Researchers: P. Välimäki1, A. Kuronen,
and J. Stepanek2
1Helsinki University Central Hospital, Finland
2 University of Zurich and Paul Scherrer Institute, Switzerland
New promising methods in cancer treatment like radioimmuno and neutron capture therapies provide new challenges to dosimetry. Contrary to the therapies exploiting external beam, radiation distributions in these new methods are generally highly non-uniform. Since there exists at the moment no means to measure the doses absorbed by the patients from internally deposited radionuclides, the only way to proceed is to develop theoretical methods to estimate these doses.

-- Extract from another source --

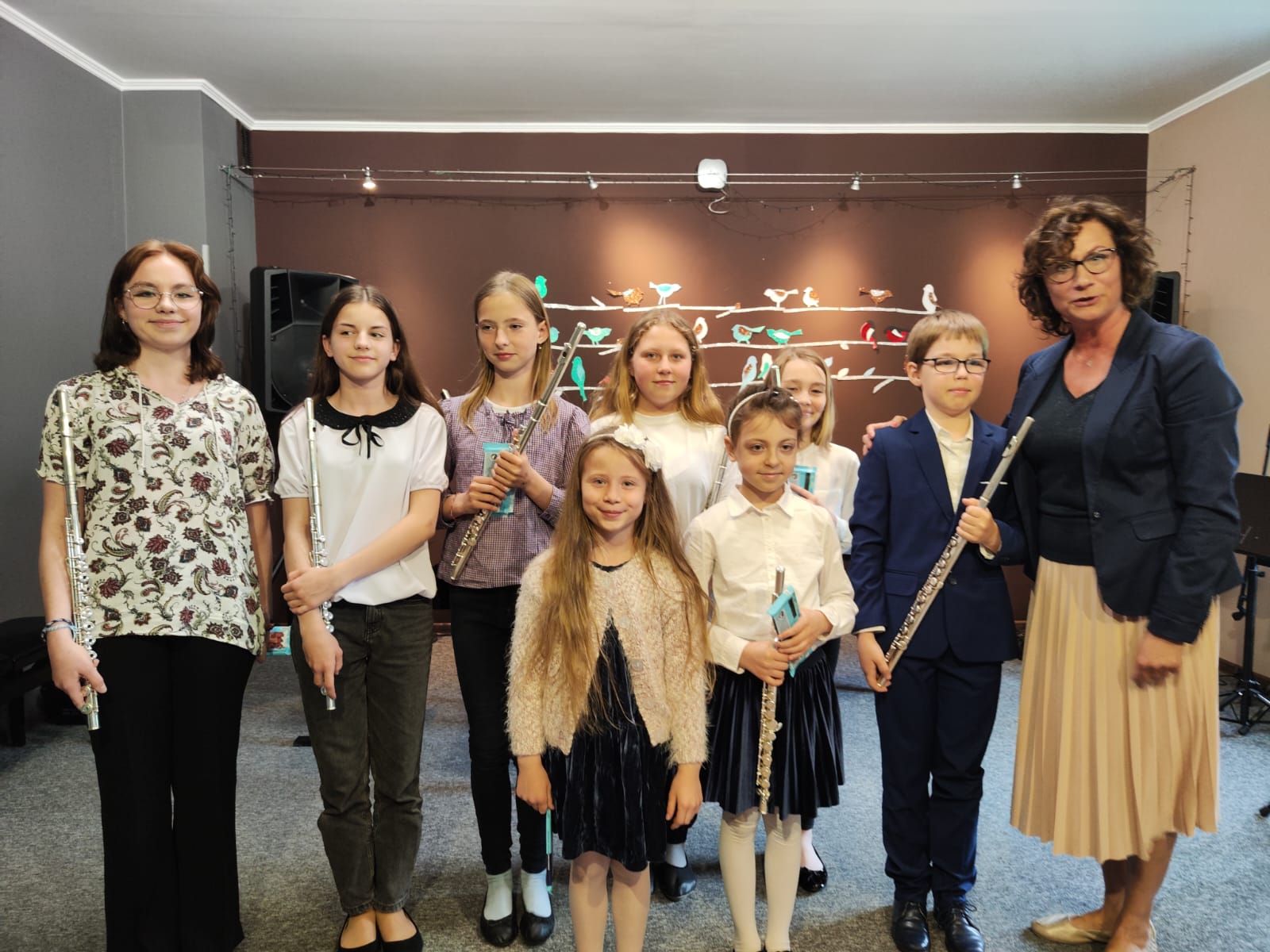18 maja 2023 sala koncertowa naszej szkoły rozbrzmiała dźwiękami fletów, a to za sprawą Koncertu klasy fletu p. Hanny Łąckiej. Na scenie wystąpili: Jakub, Hania, Nina, Ola, Ania, Julia, Marysia, Oliwia oraz p. Hanna Łącka i pianista p. Filip Grzelachowski. Serdecznie gartulujemy udanych występów.
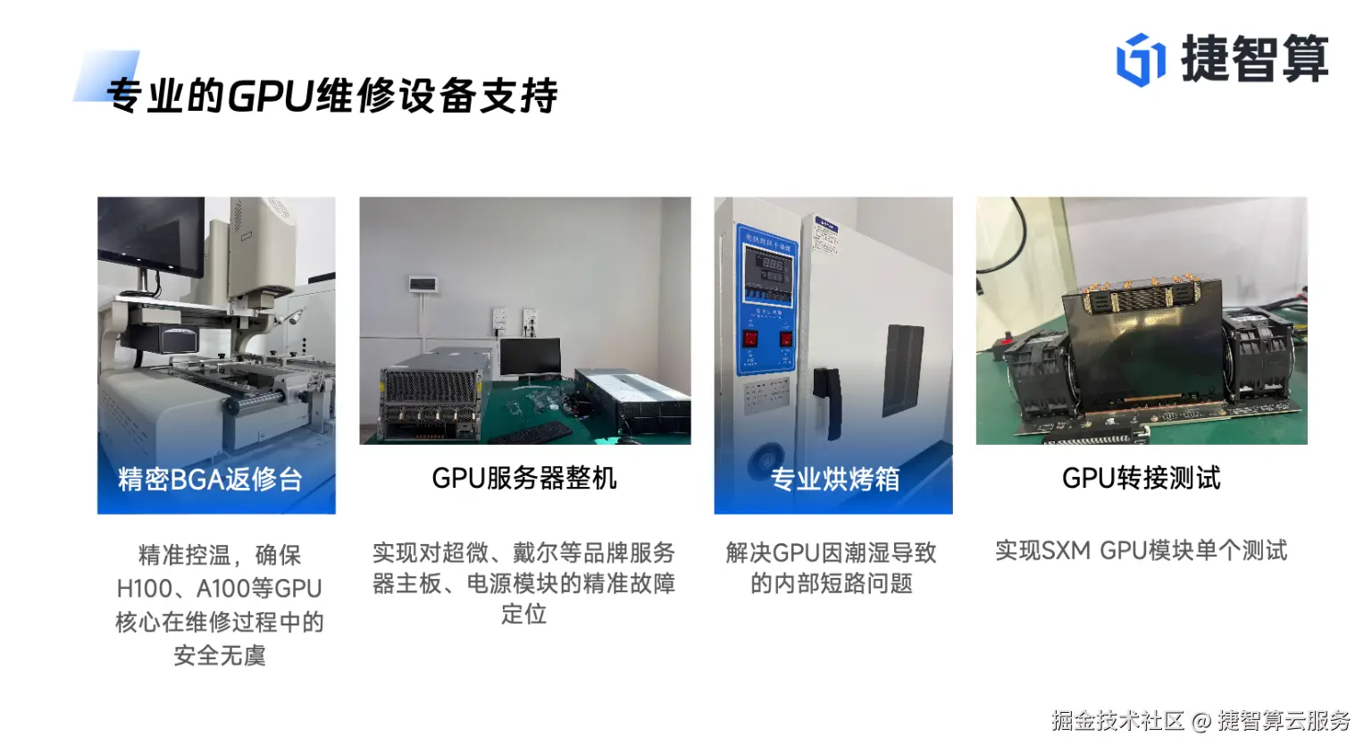 此外,还支持 Nvidia B/A/H 全系列高端 GPU 维修,具备 SXM 形态板卡级修复能力,提供上门检测、寄修、批量维修等服务,大幅降低开发者的硬件运维成本。

One remarkable, but mostly disregarded factor in analytical microdosimetry is the cell cluster model to which the dosimetric calculation itself is applied. Three dimensional cell cluster models have so far been quite simple consisting mainly of clusters of spheres largely due to insufficient computing capacity. On the other hand the cell-level dosimetry field has lacked totally the verification of the cluster models against biological reality. We are currently developing a new method to overcome both of these deficiencies. As the basis for the modelling the method uses realistic cell related microscopy data of the tissues. Dose calculations in the realistic cell cluster makes it possible to verify the usefulness of the currently used cell cluster models and to further estimate the effects of the cell shape, the cell size variation and the spatial distribution of the cells in the cell-level dosimetry.
Figure 34: Cell models used in cell-level dosimetry. On the left: Cross section of a cell cluster based on the simple cubic close-packed structure. On the right: Cross section of the model created using the optimization method. Red spheres are the smaller tumor cells and green spheres denote the larger healthy cell surrounding the tumor.